SUPPLIED DATA.
########################################
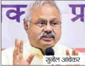
एजेसी ॥ मुंबई

यूजीसी के नए इक्विटी नियमों पर संघ की राय समाज की एकता सर्वोपरि, इसके लिए हम हर जरूरी कदम उठाएंगे
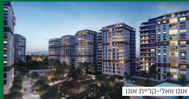
אונו וואלי-קריית אונו
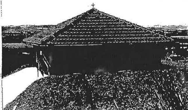
Vodojem „Řimice“, před kolaudací.

závisí na zajištění dodatečných finančních zdrojů. A o to se v současné době snažíme. Není třeba snad připomínat co to v dnešní době, v tomto státě znamená. I informace z jednání vlády ČR nejsou nijak nadějně.
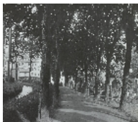
Fotonummer Aufnahmejahr Fotograf Beschreibung

Blick von Süden auf die ehemalige Spinnerei Himmelmühle mit Mühlgraben, Schornstein und Kesselhaus, im Hintergrund Fabrikgebäude
########################################
TASK DIRECTIONS. Pictures stay out, but every record above is to be returned exactly.

RESULT OF THIS EXERCISE.
एजेसी ॥ मुंबई

यूजीसी के नए इक्विटी नियमों पर संघ की राय समाज की एकता सर्वोपरि, इसके लिए हम हर जरूरी कदम उठाएंगे
אונו וואלי-קריית אונו
Vodojem „Řimice“, před kolaudací.

závisí na zajištění dodatečných finančních zdrojů. A o to se v současné době snažíme. Není třeba snad připomínat co to v dnešní době, v tomto státě znamená. I informace z jednání vlády ČR nejsou nijak nadějně.
Fotonummer Aufnahmejahr Fotograf Beschreibung

Blick von Süden auf die ehemalige Spinnerei Himmelmühle mit Mühlgraben, Schornstein und Kesselhaus, im Hintergrund Fabrikgebäude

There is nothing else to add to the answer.